-- Opening Marker --
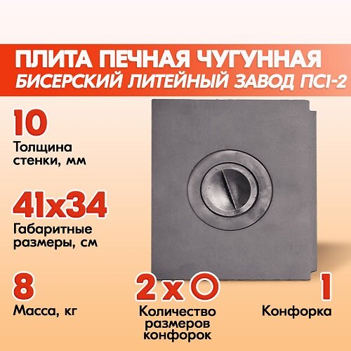 Плита печная чугунная составная Бисерский Литейный Завод ПС1-2 410х340 мм, плита для печи одноконфорочная
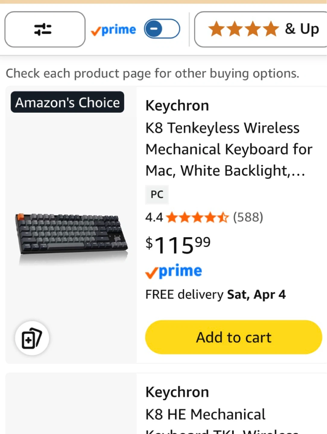 Keychron K8 Tenkeyless Wireless Mechanical Keyboard for Mac, White Backlight, Bluetooth, Multitasking, Type-C Wired Gaming Keyboard for Windows with Brown Switch. Wireless and Wired connectivity options available.
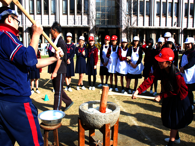 本日、小学校の伝統行事お餅つきを運動場で行いました。
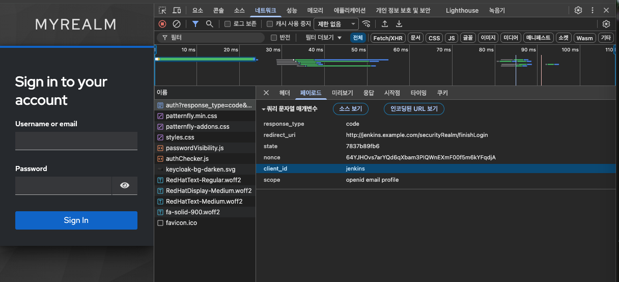 - 애플리케이션(ArgoCD or Jenkins)은 인증 요청을 준비하고 사용자 브라우저를 Keycloak으로 리디렉션하도록 요청합니다.
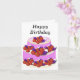 Esta colorida tarjeta de cumpleaños incluye un delicioso pastel rosa decorado con capas de crema y fruta. El texto es totalmente editable si desea personalizarlo.
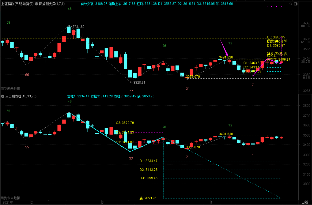 4月8日大盘见高3495.91之后,到今天已经过去11个交易日,这个关键的点除了4月20日象征性的向上碰了一下之外,就没有任何动静了。不过今天收盘还不错,在3463.60之上收盘,60分钟也出现了小周期上涨1的计数,这是摆好了架势,会不会再度功亏一篑,我不知道!但3495.91不突破的话,这大盘短期就好不起来,这个认识是要有的!
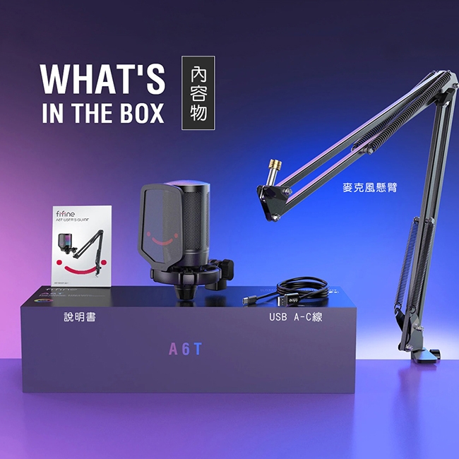 1. 產品內含A6T麥克風*1、防震架*1、防噴罩*1、麥克風懸臂*1、傳輸線*1、說明書*1。
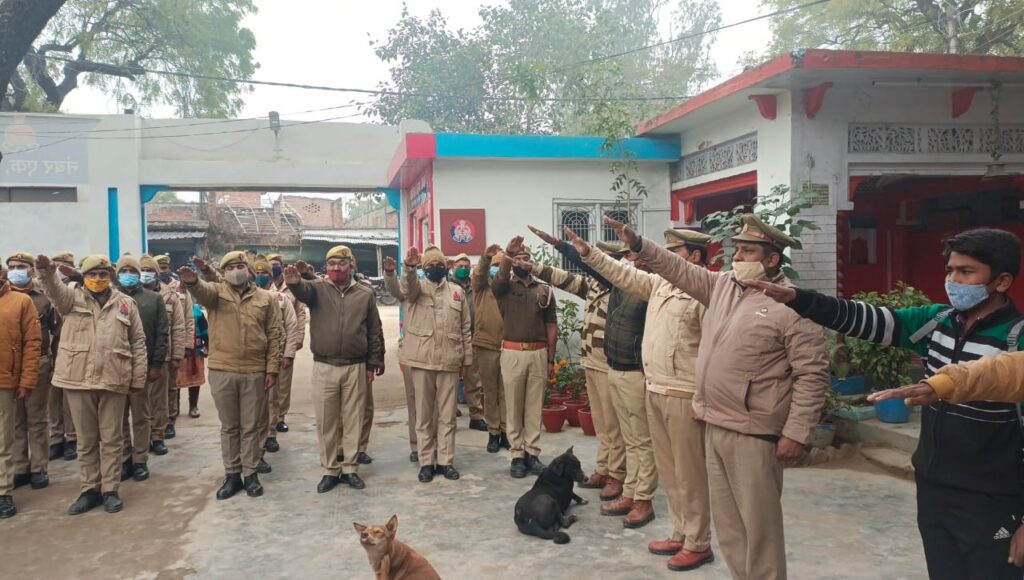 *पुलिस उप महानिरीक्षक/ पुलिस अधीक्षक वाराणसी ग्रामीण व अपर पुलिस अधीक्षक वाराणसी(ग्रामीण) के निर्देशन में आज दिनांक 25/01/2022 को राष्ट्रीय मतदाता दिवस के अवसर पर कोविड-19 के दिशा-निर्देशों/प्रोटोकाल का अनुपालन करते हुए समस्त पुलिस कार्यालय, क्षेत्राधिकारी कार्यालय व थानों में नियुक्त समस्त कर्मियों/मतदाताओं को स्वतंत्र, निष्पक्ष एवं शान्तिपूर्ण निर्वाचन की गरिमा को अक्षुण्य रखते हुए, निर्भीक होकर, धर्म, वर्ग, जाति, समुदाय, भाषा अथवा अन्य किसी भी प्रलोभन से प्रभावित हुए बिना सभी निर्वाचन में अपने मताधिकार के प्रयोग की सपथ दिलाई गयी।
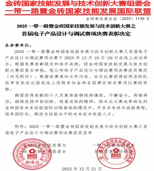 近日,2025年一帶一路暨金磚國家技能發(fā)展與技術(shù)創(chuàng)新大賽“智能產(chǎn)品設(shè)計(jì)與調(diào)試”賽項(xiàng)決賽圓滿落幕。學(xué)院選派4名學(xué)生參與角逐,在與全國300余名選手的激烈競(jìng)爭(zhēng)中脫穎而出,最終獲一等獎(jiǎng)1名、二等獎(jiǎng)1名、三等獎(jiǎng)2名。
-- Closing Marker --
▶ _Instructions to follow_
Please transcribe the lines from the one containing "सपथ दिलाई गयी।" to the last line of the listing, both included, exactly and with nothing added, leaving every picture out.

▶ _Written reply_
 *पुलिस उप महानिरीक्षक/ पुलिस अधीक्षक वाराणसी ग्रामीण व अपर पुलिस अधीक्षक वाराणसी(ग्रामीण) के निर्देशन में आज दिनांक 25/01/2022 को राष्ट्रीय मतदाता दिवस के अवसर पर कोविड-19 के दिशा-निर्देशों/प्रोटोकाल का अनुपालन करते हुए समस्त पुलिस कार्यालय, क्षेत्राधिकारी कार्यालय व थानों में नियुक्त समस्त कर्मियों/मतदाताओं को स्वतंत्र, निष्पक्ष एवं शान्तिपूर्ण निर्वाचन की गरिमा को अक्षुण्य रखते हुए, निर्भीक होकर, धर्म, वर्ग, जाति, समुदाय, भाषा अथवा अन्य किसी भी प्रलोभन से प्रभावित हुए बिना सभी निर्वाचन में अपने मताधिकार के प्रयोग की सपथ दिलाई गयी।
 近日,2025年一帶一路暨金磚國家技能發(fā)展與技術(shù)創(chuàng)新大賽“智能產(chǎn)品設(shè)計(jì)與調(diào)試”賽項(xiàng)決賽圓滿落幕。學(xué)院選派4名學(xué)生參與角逐,在與全國300余名選手的激烈競(jìng)爭(zhēng)中脫穎而出,最終獲一等獎(jiǎng)1名、二等獎(jiǎng)1名、三等獎(jiǎng)2名。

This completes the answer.